TREND FORECAST: Reducing office space was the go-to cost-cutting measure cited in the survey.

That underscores the accuracy of our long-term forecast, first made shortly after the COVID War began, that office real estate would not only be a victim of the COVID era but also that the sector would shrink permanently in size and value.

We predicted, and documented, the shrinking need for office space in “Office Workers’ Slow Return Endangers Landlords, City Finances” (9 Mar 2021), “Corporations Continue to Shed Office Space” (13 Jul 2021) and “As Forecast: Companies Cutting Office Space” (12 Jul 2022), and many other articles.

As we noted in “Mass Expiration of Office Leases Threatens Landlords” (26 Apr 2022), owners of commercial real estate are facing a reckoning as they slash rents to lure a shrinking base of tenants, forcing them to demand property tax concessions from cities that will struggle even more to maintain police, fire, and public works infrastructures.

Although more people are returning to city centers to live, as we reported in “USA: Can’t Afford to Buy a Home, Can’t Pay the Rent” (15 Mar 2022), that will not be enough to fully restore the commercial ecosystem of restaurants, shops, and entertainment venues that grew up to serve a full complement of daily commuters.

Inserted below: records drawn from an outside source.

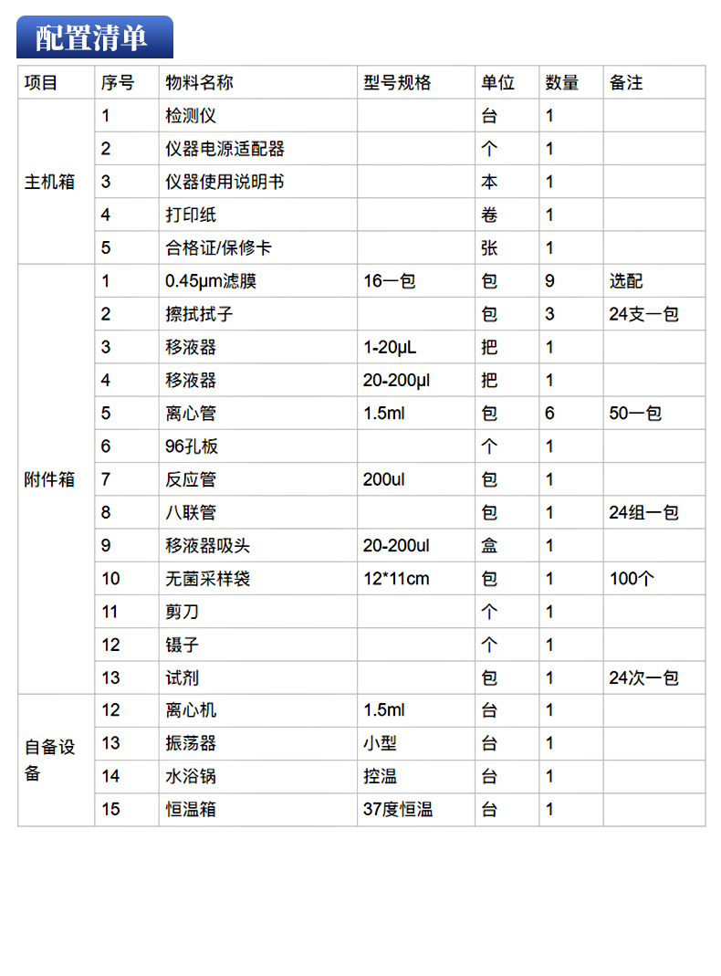 | 自備設(shè)備 | 1 | 離心機(jī) | 1.5毫升 | 臺(tái) | 1 | ||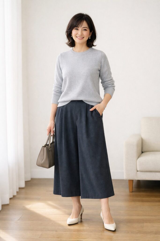 もう少し通勤寄りなら、ネイビーのガウチョにオフホワイトのバンドカラーシャツを重ね、上からライトグレーの短めニット、足元は黒の細身ヒールローファーも合わせやすいです。
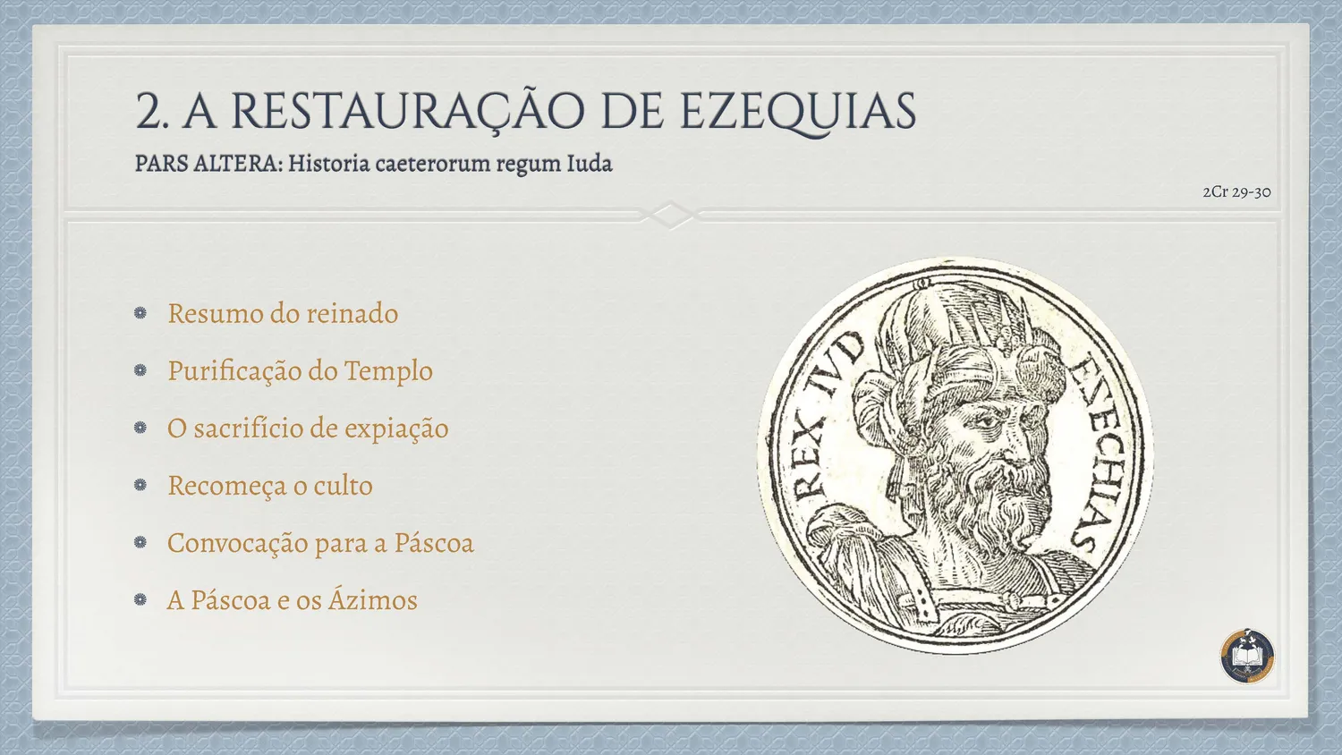Sua ação não é apenas política, mas espiritual: o culto é reorganizado, o sacerdócio restaurado e a celebração da Páscoa retomada como sinal de renovação nacional. Assim, revela-se que toda verdadeira restauração começa pelo retorno sincero a Deus.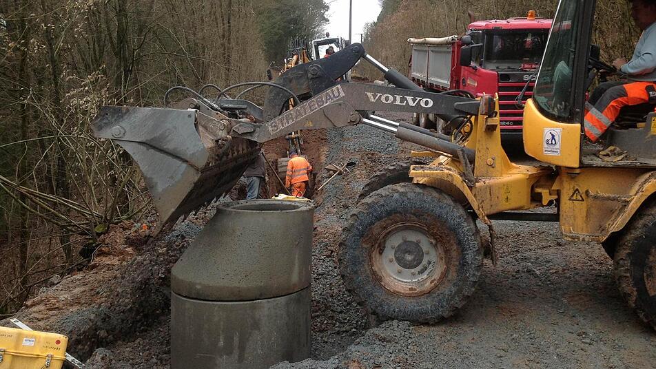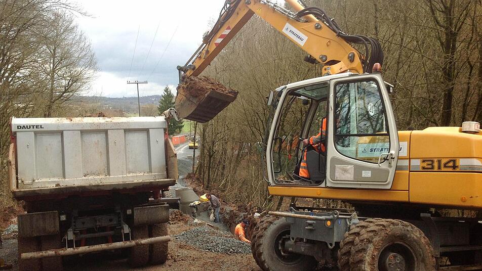 80 Tonnen Zement stabilisieren den Hang, 180 Meter Betonrohr sind derzeit schon verlegt. Das Straßenniveau wird noch um fast einen Meter angehoben, bis die Baustelle vor Witzmannsberg beendet ist.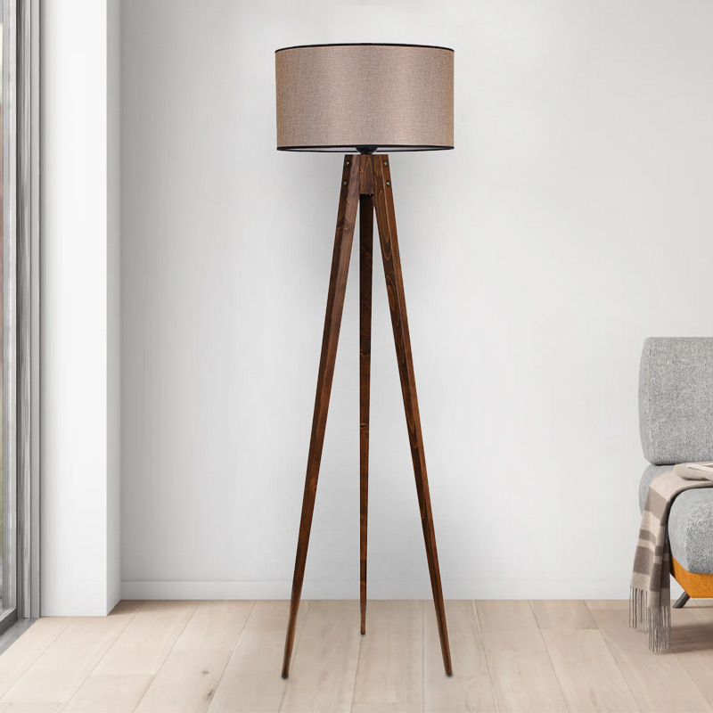 Φωτιστικό δαπέδου Nadine Megapap ξύλο/ύφασμα PVC χρώμα καρυδί – μόκα 50x45x153εκ.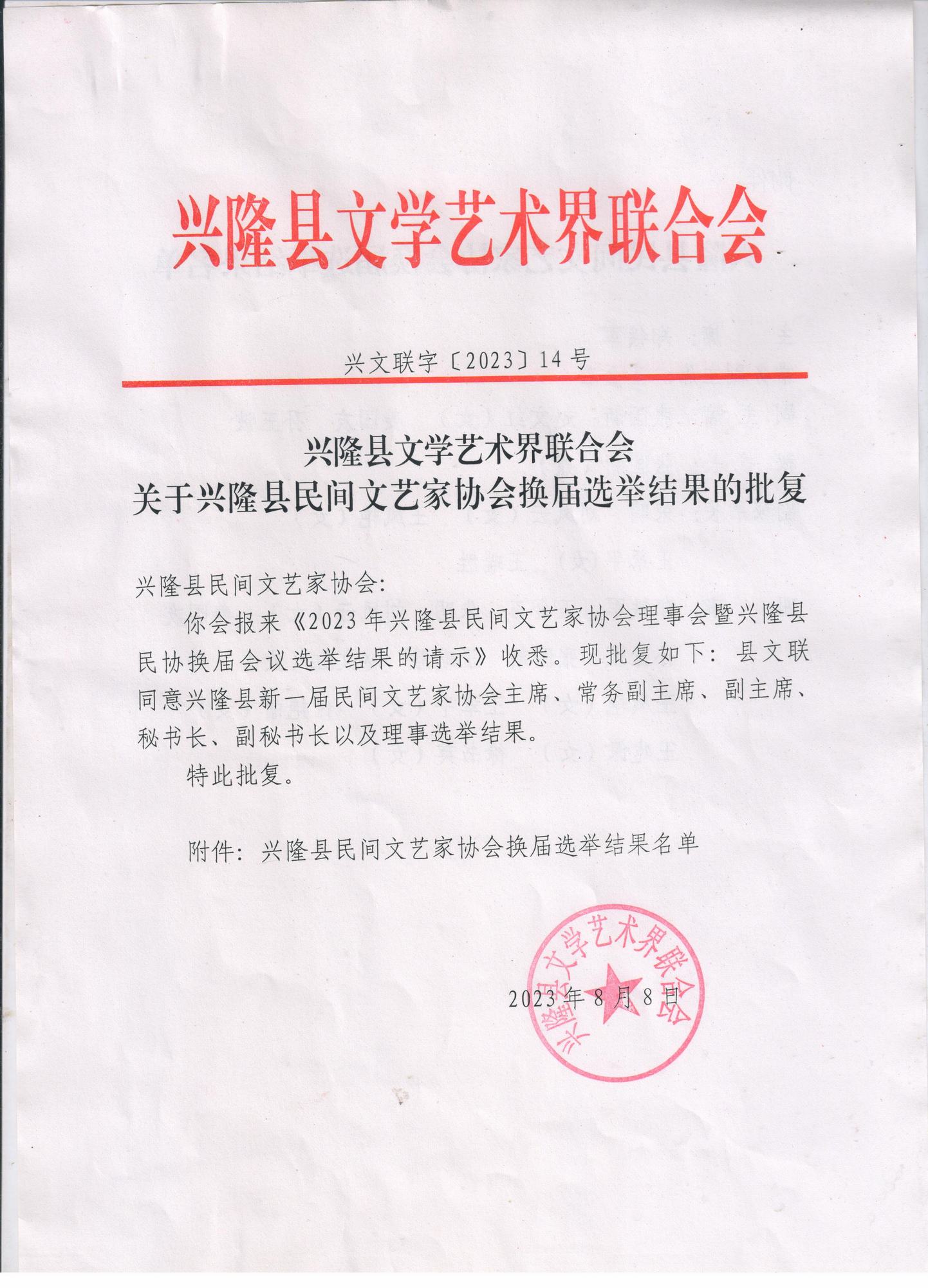 2023年8月8日,興隆縣民間文藝家協會(簡稱興隆縣民協)提交的《2023年興隆縣民家文藝家協會理事會暨興隆縣民協換屆會議選舉結果的的請示》獲興隆縣文學藝術家聯合會批復,興隆縣民協組織機構成員的批復如下: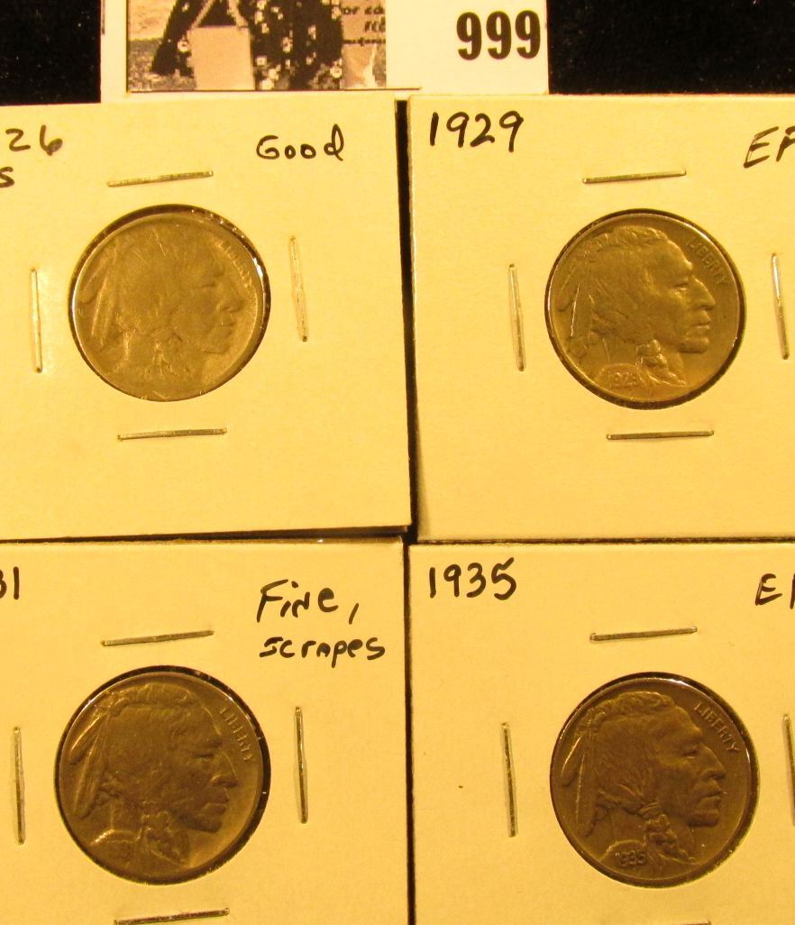 999 . 1926 S Good,. 31 S Fine with scrapes, 29 P EF, & 1935 P EF Buffalo Nickels.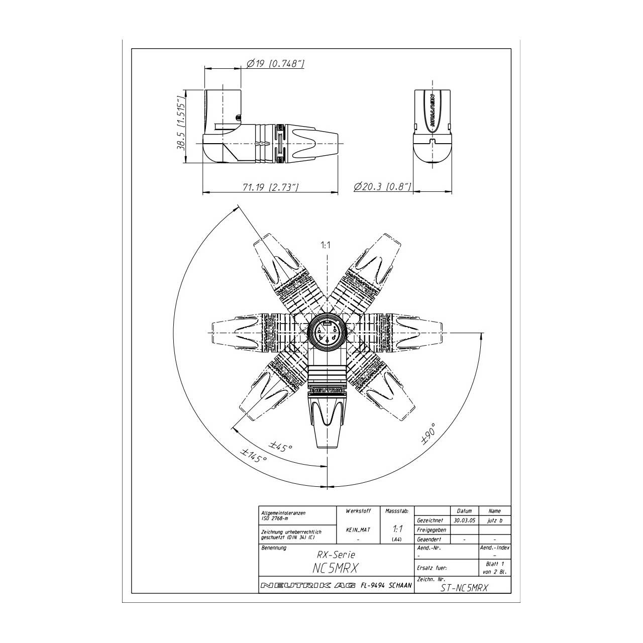 The Neutrik NC5MRX is a 5-pole right angle male XLR cable connector with nickel housing and silver contacts.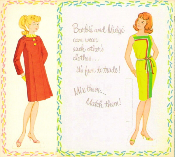 Just as often, the paper doll fashions appear to be originals–maybe designed by someone at Whitman? We know so little about the sources of these illustrations. But often, the new fashions are great–some worthy of OOAK projects, in my opinion. One 1963 set is packed with stylish, elsewhere-nonexistent fashions for Barbie and Midge. I didn’t recognize a single one of the styles in this set as one that was sold for the real Barbie and Midge:

As a result, downtown commercial centers in traditional office hubs such as New York City and San Francisco will not return to their pre-COVID size or vitality. We have detailed this trend in articles such as “Retail Chains Abandon Manhattan” (18 Aug 2020) and “Manhattan’s Commercial Real Estate Crash” (21 Sep 2021).

Landlords and investors have been contemplating turning empty office spaces into condos and apartments. However, a similar move to convert derelict hotels into residences has been snarled in regulations, which we detailed in “Plan to Turn New York’s Vacant Hotels Into Housing Not Working” (5 Apr 2022).